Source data
● ● ● ●

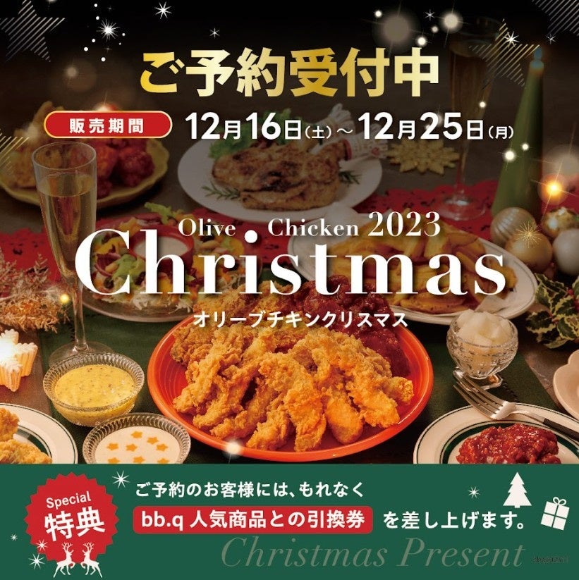 クリスマス予約特設ページ https://bbq-olivechickencafe.jp/xmas2023 にてご予約受付中です。
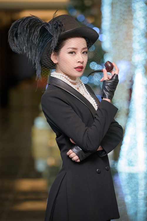 | Chi Pu hóa quý cô cổ điển trong set đồ của Phạm Đăng Anh Thư. Bộ cánh phối đồng chất liệu, phụ kiện mũ cổ điển, găng tay và chuỗi hạt hợp phong cách. Ảnh: Pencil |
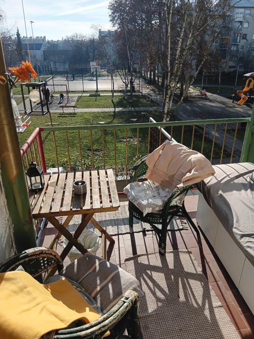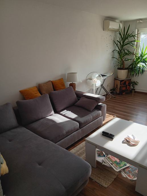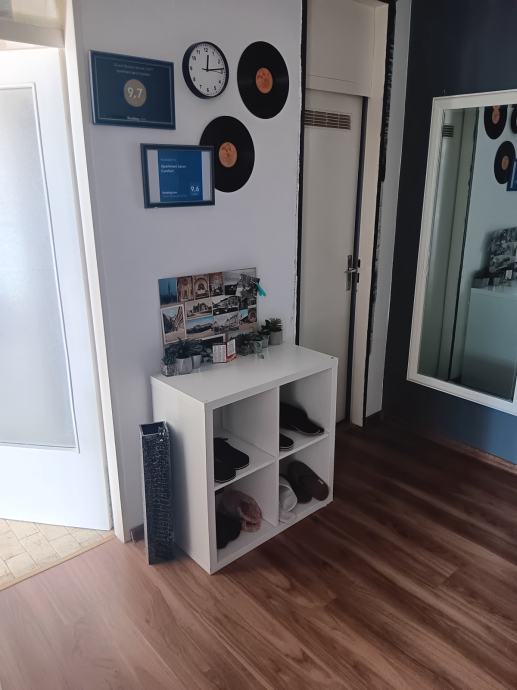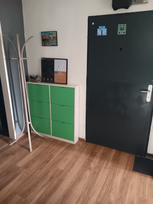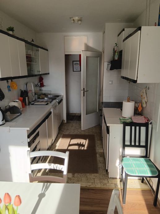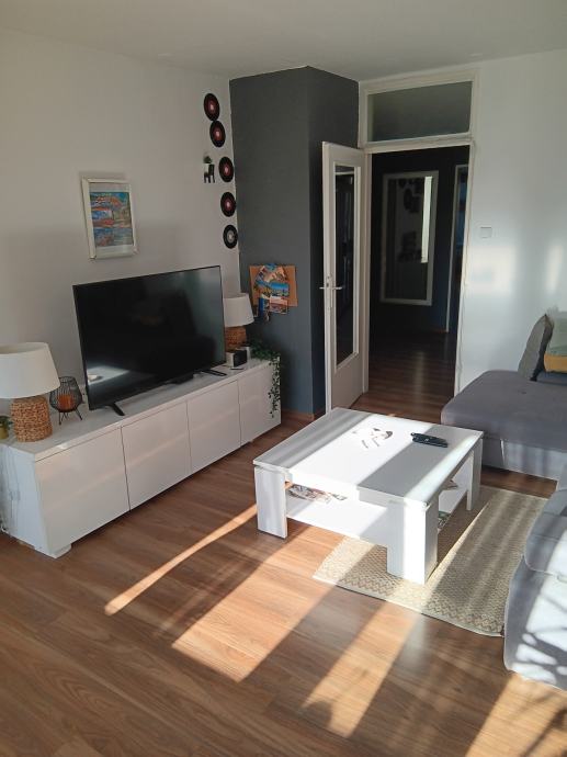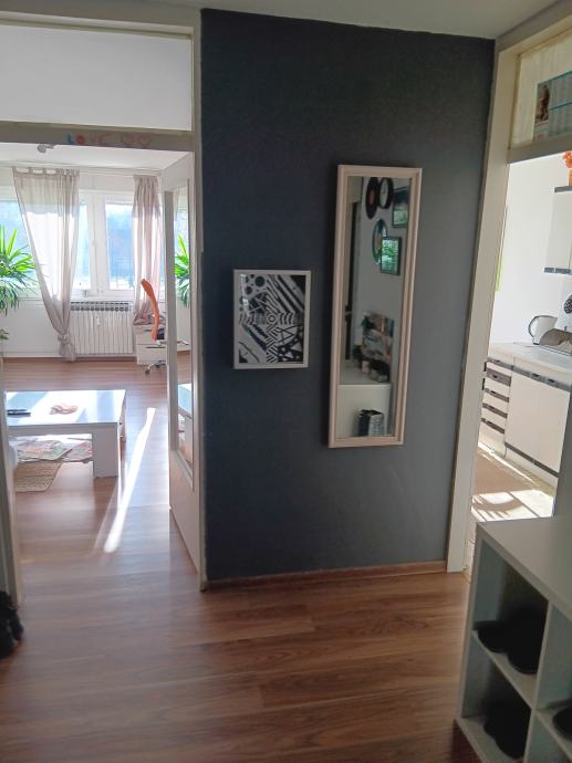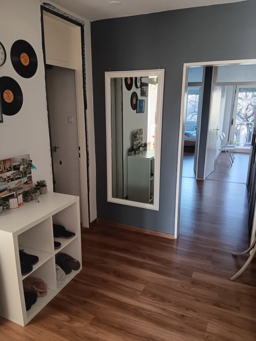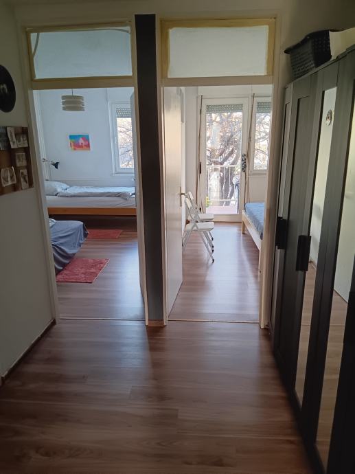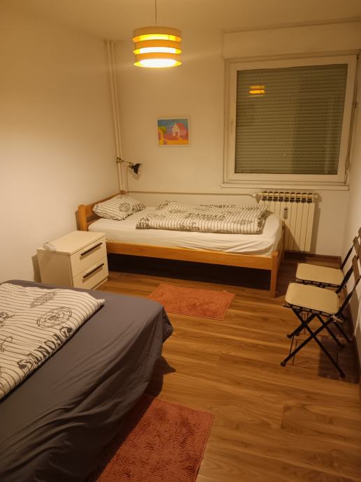Iznajmljuje se 3sobni stan na prvom katu stambene zgrade, orijentacija sjever-jug. Sastoji se od velike dnevne sobe na južnoj strani sa obiljem svjetla, kuhinje i blagovaonice sa balkonom. Na sjevernoj strani su dvije spavaće sobe - jedna sa velikim bračnim krevetom i ormarom te balkonom, a druga soba sa malim bračnim krevetom i single krevetom. Kupaonica ima kadu i vešmašinu a osim nje stan sadrži i dodatni mali wc.
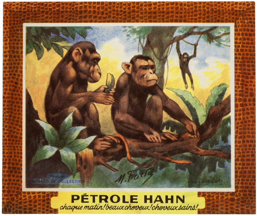 Buvard publicitaire. Pétrole Hahn. Macaques.
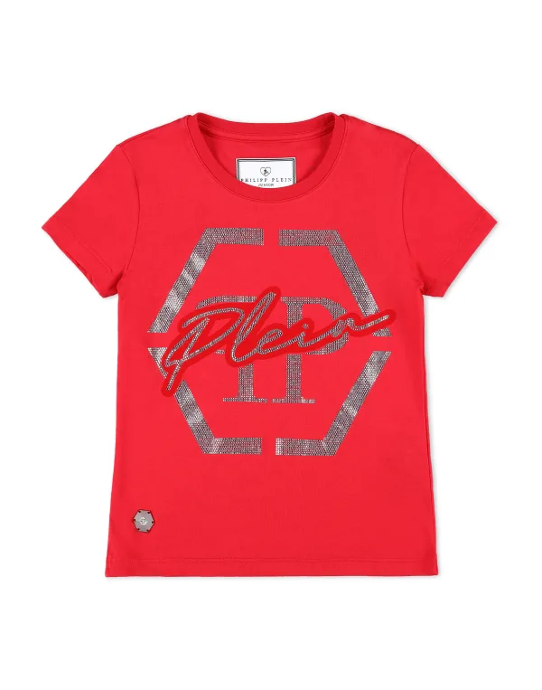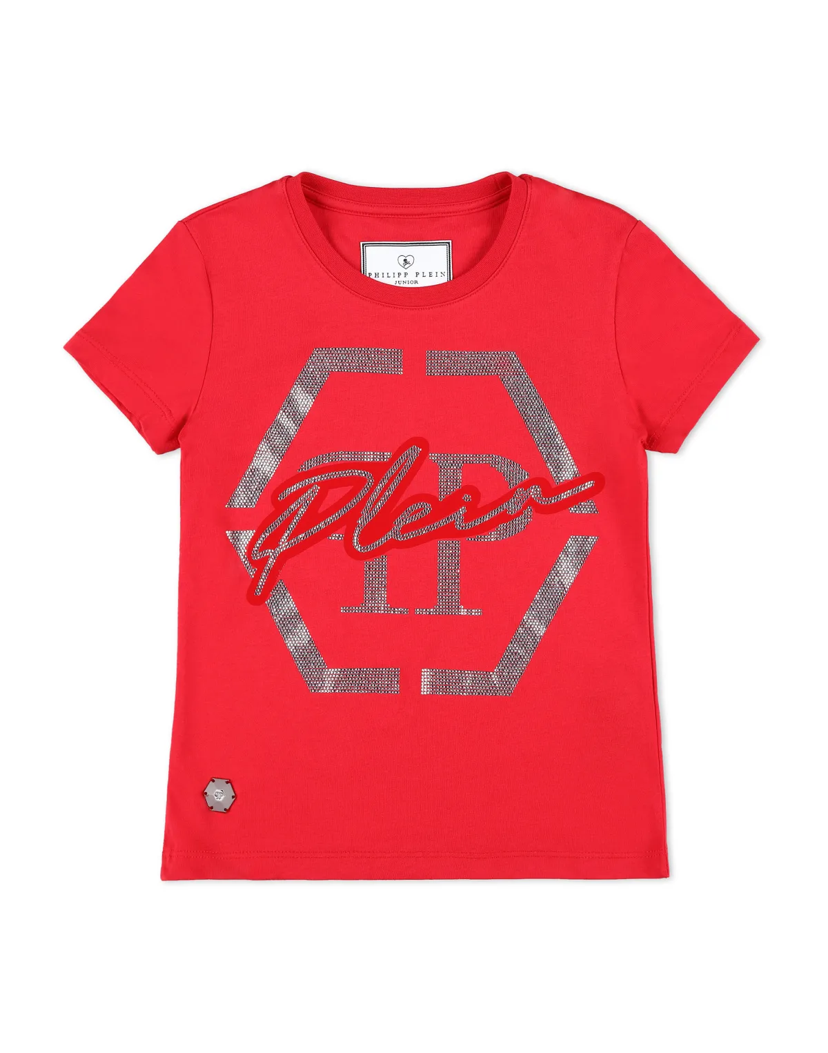The brand’s iconic elements decorated with rhinestones on the front are the key feature of this cotton jersey T-shirt. Ribbed neckline. Two needle stitching hems.
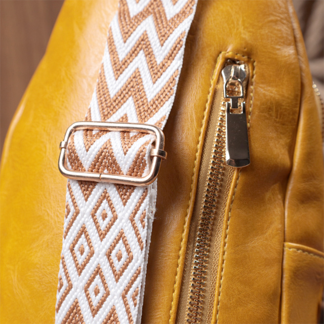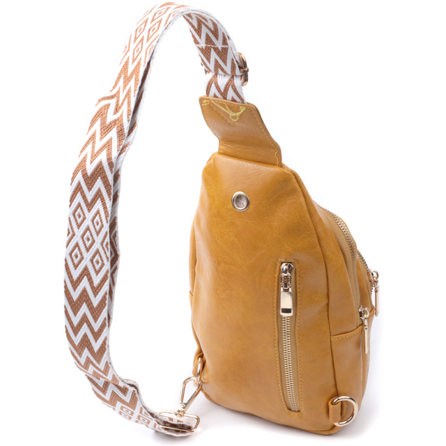 Функциональня слинг сумка для женщин из гладкой экокожи. Данная модель состоит из одного основного отделения которое закрывается на молнию и в котором находится карман на молнии и три кармана для кредитных карт внутри, а также трех карманов снаружи и одного отверстия для кабеля или наушников, что очень удобно в современной мире. Акцентом данной модели является удобный регулируемый плечевой ремешок в этническом стиле, что очень модно уже несколько сезонов. Экокожа - высококачественная альтернатива натуральному материалу, которая очень устойчива к трению, к низким температурам, отлично носится в отличии от других искусственных материалов, а также имеет гипоаллергенный состав в отличии от натуральной кожи.
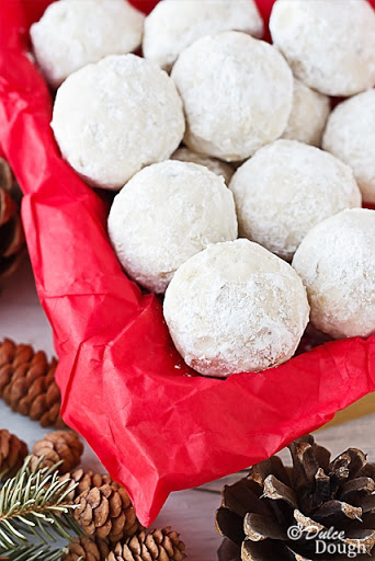 6. Remove from cookie sheet and immediately roll in powdered sugar.

● ● ● ●

→ **PROMPT**: Give back the records above exactly. Pictures stay out.

→ **WRITTEN ANSWER**:
 クリスマス予約特設ページ https://bbq-olivechickencafe.jp/xmas2023 にてご予約受付中です。
 | Chi Pu hóa quý cô cổ điển trong set đồ của Phạm Đăng Anh Thư. Bộ cánh phối đồng chất liệu, phụ kiện mũ cổ điển, găng tay và chuỗi hạt hợp phong cách. Ảnh: Pencil |
Iznajmljuje se 3sobni stan na prvom katu stambene zgrade, orijentacija sjever-jug. Sastoji se od velike dnevne sobe na južnoj strani sa obiljem svjetla, kuhinje i blagovaonice sa balkonom. Na sjevernoj strani su dvije spavaće sobe - jedna sa velikim bračnim krevetom i ormarom te balkonom, a druga soba sa malim bračnim krevetom i single krevetom. Kupaonica ima kadu i vešmašinu a osim nje stan sadrži i dodatni mali wc.
 Buvard publicitaire. Pétrole Hahn. Macaques.
The brand’s iconic elements decorated with rhinestones on the front are the key feature of this cotton jersey T-shirt. Ribbed neckline. Two needle stitching hems.
 Функциональня слинг сумка для женщин из гладкой экокожи. Данная модель состоит из одного основного отделения которое закрывается на молнию и в котором находится карман на молнии и три кармана для кредитных карт внутри, а также трех карманов снаружи и одного отверстия для кабеля или наушников, что очень удобно в современной мире. Акцентом данной модели является удобный регулируемый плечевой ремешок в этническом стиле, что очень модно уже несколько сезонов. Экокожа - высококачественная альтернатива натуральному материалу, которая очень устойчива к трению, к низким температурам, отлично носится в отличии от других искусственных материалов, а также имеет гипоаллергенный состав в отличии от натуральной кожи.
 6. Remove from cookie sheet and immediately roll in powdered sugar.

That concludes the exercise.